It’s been 34 years since the worst construction accident in Connecticut history left 28 men dead in the collapse of L’Ambiance Plaza, April 23, 1987. I was a 28-year-old communications director for Mayor Tom Bucci. My role was to deal with the media frenzy and announce the dead.

On Friday, Mayor Joe Ganim, building trades, elected officials, fire and police members and the family of the fallen gathered in remembrance of that day.

Here’s how I chronicled the loss in my book Only In Bridgeport.

They were the most gut-wrenching 10 days in the history of the city. Throughout the Downtown and environs, workers and residents perked up at the sound of the rumble. It was sort of like one of those quirky earthquake tremors or a dynamite blast at a construction site.

It was April 23, 1987. While lunching at a Stratford restaurant shortly after noon, Mayor Bucci received an urgent call. “Get back to the city. It’s a catastrophe.” Bucci raced back to Bridgeport to discover the horror of a massive building collapse. L’Ambiance Plaza, a half-completed rental housing complex on Washington Avenue overlooking the route 25-8 Connector, came apart, burying workers under tons of twisted steel and shattered concrete, the worst construction accident in the history of Connecticut.

Iron and construction rescue volunteers throughout the country frantically and relentlessly searched the ruins for friends and co-workers buried deep beneath the crush. One by one, crane-removed concrete and steel revealed another body. Days into the rescue mission, microphones were dropped between the cracks in the debris searching for signs of life. It was early spring. Raw days, wet nights, an utterly mad life-saving mission.

“Is anybody down there?”

“Did you hear something?”

“I thought I heard something. Maybe.”

No reply.

Bucci delivered the painful news to the grief-filled families of the victims at a makeshift support facility in the Kolbe Cathedral High School. Monsignor William Scheyd called upon the families to hold hands in prayer.

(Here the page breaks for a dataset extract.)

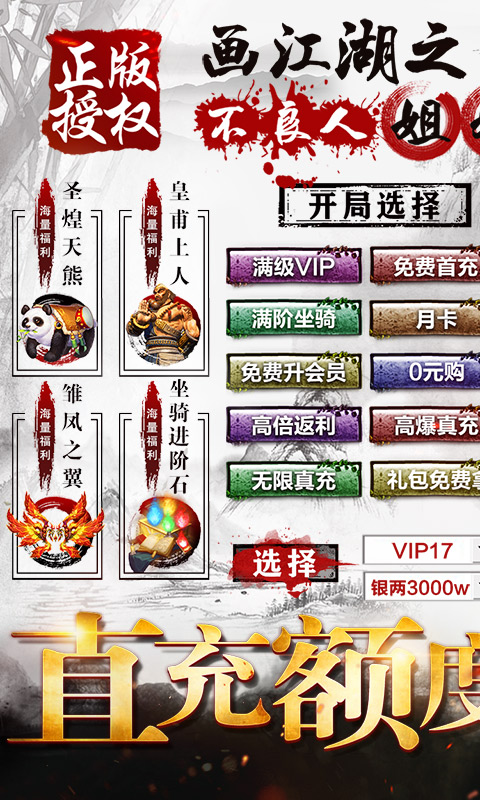 ★上线福利:上线送VIP17直升卡、8.8w元宝、银两3000w、属性道具包*20

A massive collection of eager journalists, camera crews and photographers covered every possible nightmarish angle, raided city hall offices for evidence of blame, checked the background of construction companies and dueled with rescue workers safeguarding access to the disaster area and grieving families.

“Keep those idiots with the cameras away from us,” some of the tradesmen would say. A television crew had its power cord cut. An Associated Press photographer had his film ripped away.

Sidebar stories filled newspapers across the country. The outpouring of support by ordinary citizens showed a city with a heart. Psychotherapists helped the families of the victims to cope. Psychics emerged from every direction. “This person’s alive, that one’s not,” they would say.

City Attorney Lawrence Merly took on the state’s powerful insurance companies that were balking at underwriting the city’s disaster costs as the struggle to locate the buried workers continued. Speaking before a crew of national journalists, Merly called the insurance companies “barracudas content to allow the workers to rot in the rubble.” Merly’s rhetoric pried loose an insurance fund of more than $1 million to aid the rescue efforts.

What caused the collapse? Builders had used a construction process called lift slab. Concrete foundations for each floor of the building were poured on the construction site, and then I-beams were jacked up and welded into place. Later, federal investigators made the following determination: the jacking mechanism hoisting the slabs had accidentally slipped.

When it was over, 28 men were dead. A court-approved multi-million-dollar settlement that included the city, state, developers and insurance companies provided families a small pill for a lot of pain.